More SARS scares as both Kirsty and I were subjected to full SARS screenings at the border (admittedly a full SARS screenings merely consists of having a thermometer stuck in your mouth and being asked if you've has a fever or a cough) but nonetheless this was the highlight of an otherwise boringly efficient, comfortable and uneventful journey. We've travelled north with Elle (who we met in Singapore and is from the valleys - cue bad welsh accents at every opportunity) and are likely to continue to do so for the next few days.
Another busy day followed our day's travelling and we managed to go up both the Petronas Towers and the Menari KL Tower, see the main mosque and do yet more shopping. While I grow fonder and fonder of the Petronas Towers as a spectacle, it's disappointing you can only go halfway up. Consequently the views from The Menari Tower are more impressive particularly as while we were on the viewing platform, a huge storm slowly began to engulf Kuala Lumpur. The elevator in the Menari Tower has four floors and the first of these is 250m above ground level. Whilst watching (and obviously photographing) the storm come in we took about 100 photographs trying to get that award-winning shot as a bolt of fork lightning strikes the Petronas Towers. Barring a miracle though we won't be worrying David Bailey yet and are more likely to be cursing the fact we've developed 100 identical pictures.
Day 104 - 105 - Kuala Lumpur - Cameron Highlands
Moving on, mercifully to a cooler climate, up to the tea plantations of the Cameron Highlands.
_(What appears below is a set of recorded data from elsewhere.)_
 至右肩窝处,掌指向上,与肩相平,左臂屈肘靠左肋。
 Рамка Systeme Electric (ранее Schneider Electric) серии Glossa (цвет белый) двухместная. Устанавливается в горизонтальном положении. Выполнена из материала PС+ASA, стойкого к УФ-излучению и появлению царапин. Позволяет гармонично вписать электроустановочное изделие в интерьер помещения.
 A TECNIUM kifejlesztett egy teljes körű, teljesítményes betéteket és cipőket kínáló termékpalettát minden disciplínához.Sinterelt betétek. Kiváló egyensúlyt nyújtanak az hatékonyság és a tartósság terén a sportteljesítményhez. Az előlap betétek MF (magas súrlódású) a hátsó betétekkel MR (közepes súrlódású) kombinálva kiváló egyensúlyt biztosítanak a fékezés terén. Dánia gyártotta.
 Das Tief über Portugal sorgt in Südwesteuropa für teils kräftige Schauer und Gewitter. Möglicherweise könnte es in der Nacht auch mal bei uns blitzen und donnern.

Sandwiched between a night around a camp fire and a night of beer and Scrabble we managed a five hour hike today. I would have liked to have been able to say 'completed' as we had a plan to end up at one of the main tea areas but we got hopelessly and ridiculously lost and had to retrace our steps all the way back.
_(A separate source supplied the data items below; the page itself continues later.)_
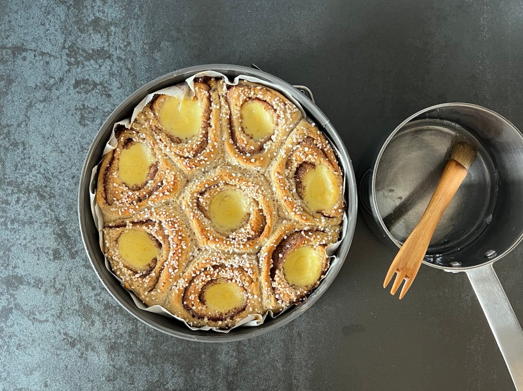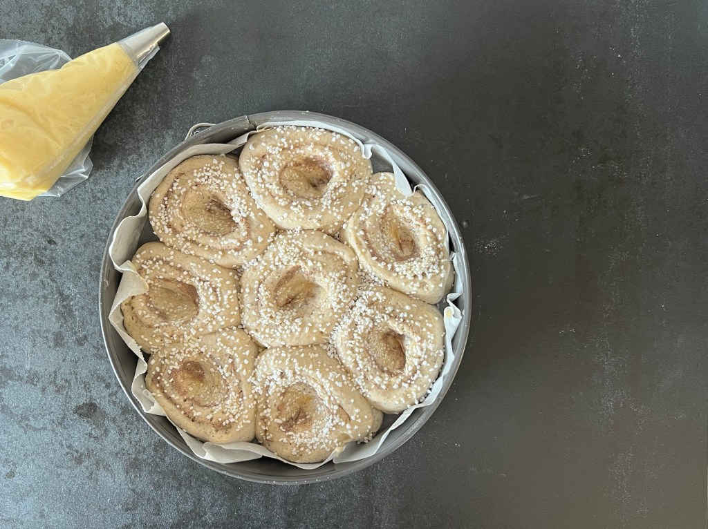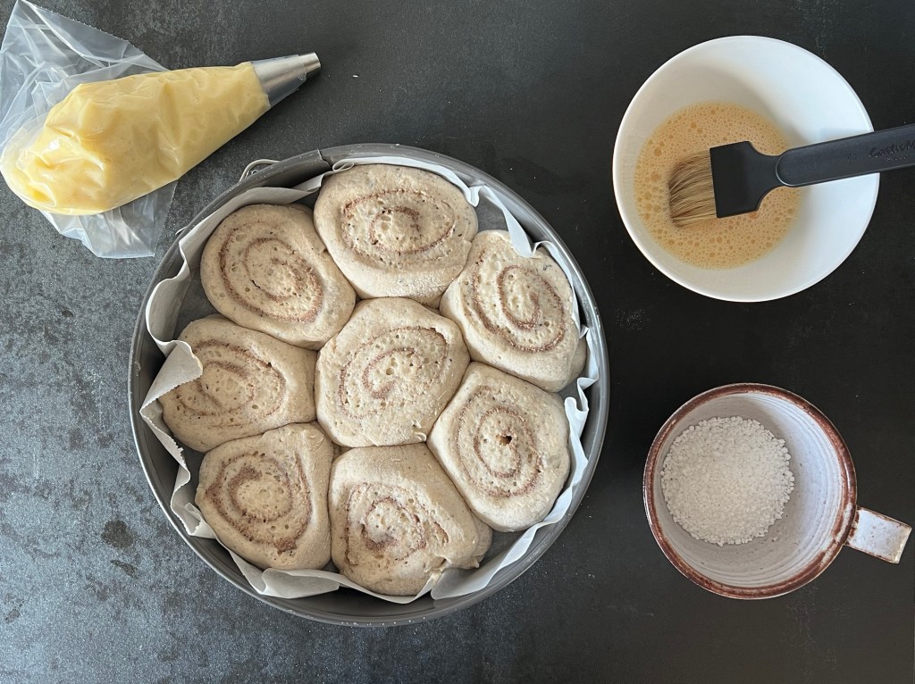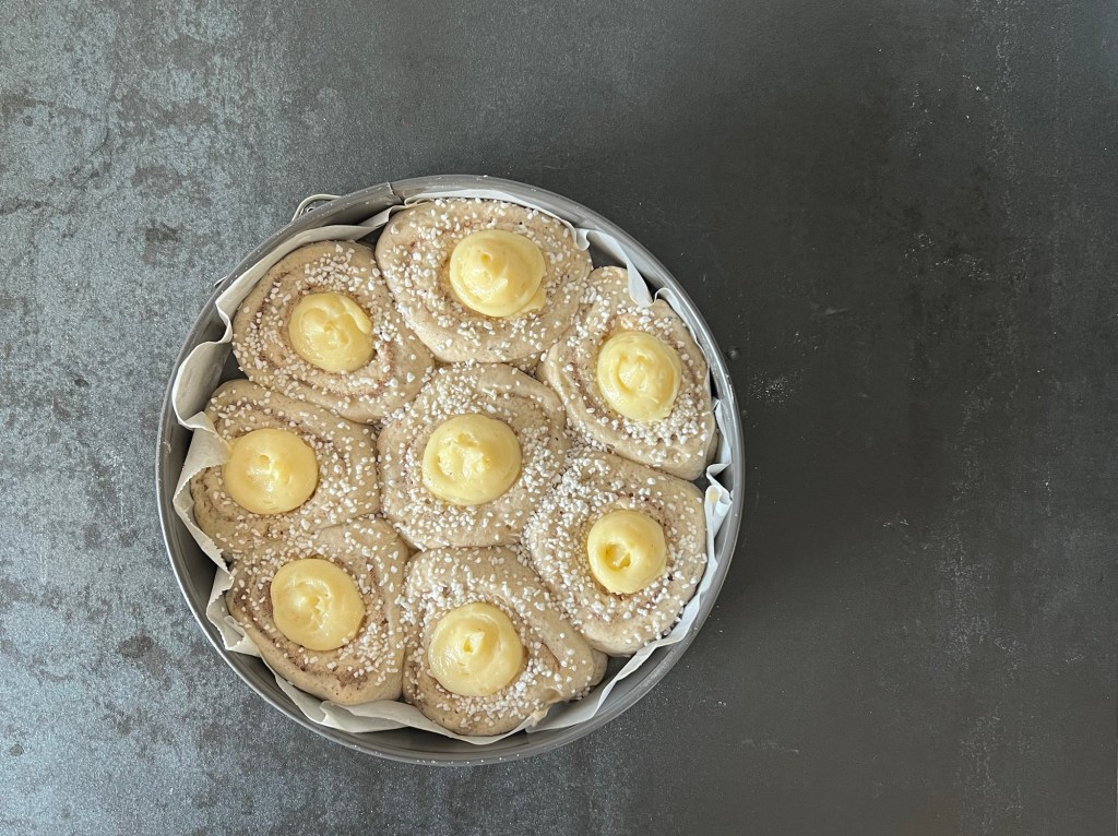 Jag lägger bullarna med ena snittytan nedåt i bakplåtspappersklädd springform. En i mitten och de andra jämnt fördelat runt om, Sen plattar jag till dem lite. . Plastar formen och jäser ca 35-40min. Är det svalt hemma så öka tiden något. När de jäst färdigt blandar jag ägg, vatten och salt, och penslar bullarna med det. Strör över rikligt med pärlsocker och gör sedan en fördjupning i mitten av varje bulle, med en matsked. Fyller fördjupningen med vaniljkräm och bakar sedan av kakan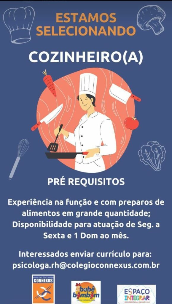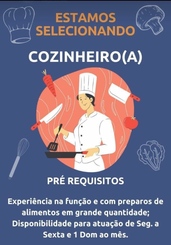 Seleção para vaga de Cozinheiro (a); Envie seu currículo!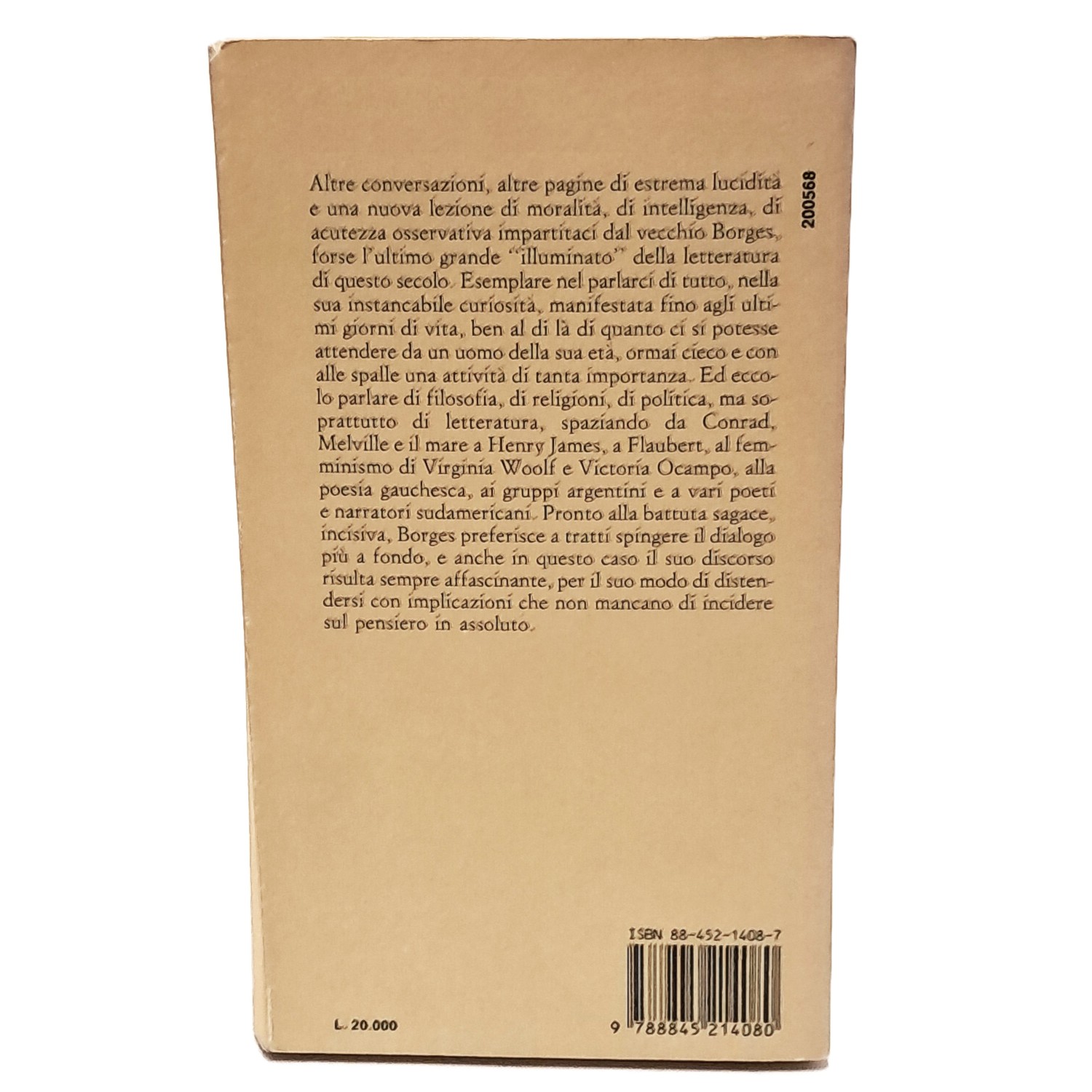 In queste "Altre conversazioni con Osvaldo Ferrari" Borges parla di filosofia, di religioni, di politica, ma soprattutto di letteratura, spaziando da Conrad, Melville e il mare a Henry James, a Flaubert, al femminismo di Virginia Woolf e Victoria Ocampo, alla poesia gauchesca, ai gruppi argentini e a vari poeti e narratori sudamericani. Pronto alla battuta sagace, incisiva, Borges preferisce a tratti spingere il dialogo più a fondo, e anche in questo caso il suo discorso risulta sempre affascinante, per il suo modo di distendersi con implicazioni che non mancano di incidere sul pensiero in assoluto.

I can however now honestly say I've suffered a tropical injury. At one rest point (there were many) I found one of my socks to be covered in blood. After much deliberation we deduced it to be the work of a leech. Despite a distinct lack of pain, I began to feel queasy at the thought of a scene from the film "Stand By Me" (leecehes in very private areas) and had to give myself a once over.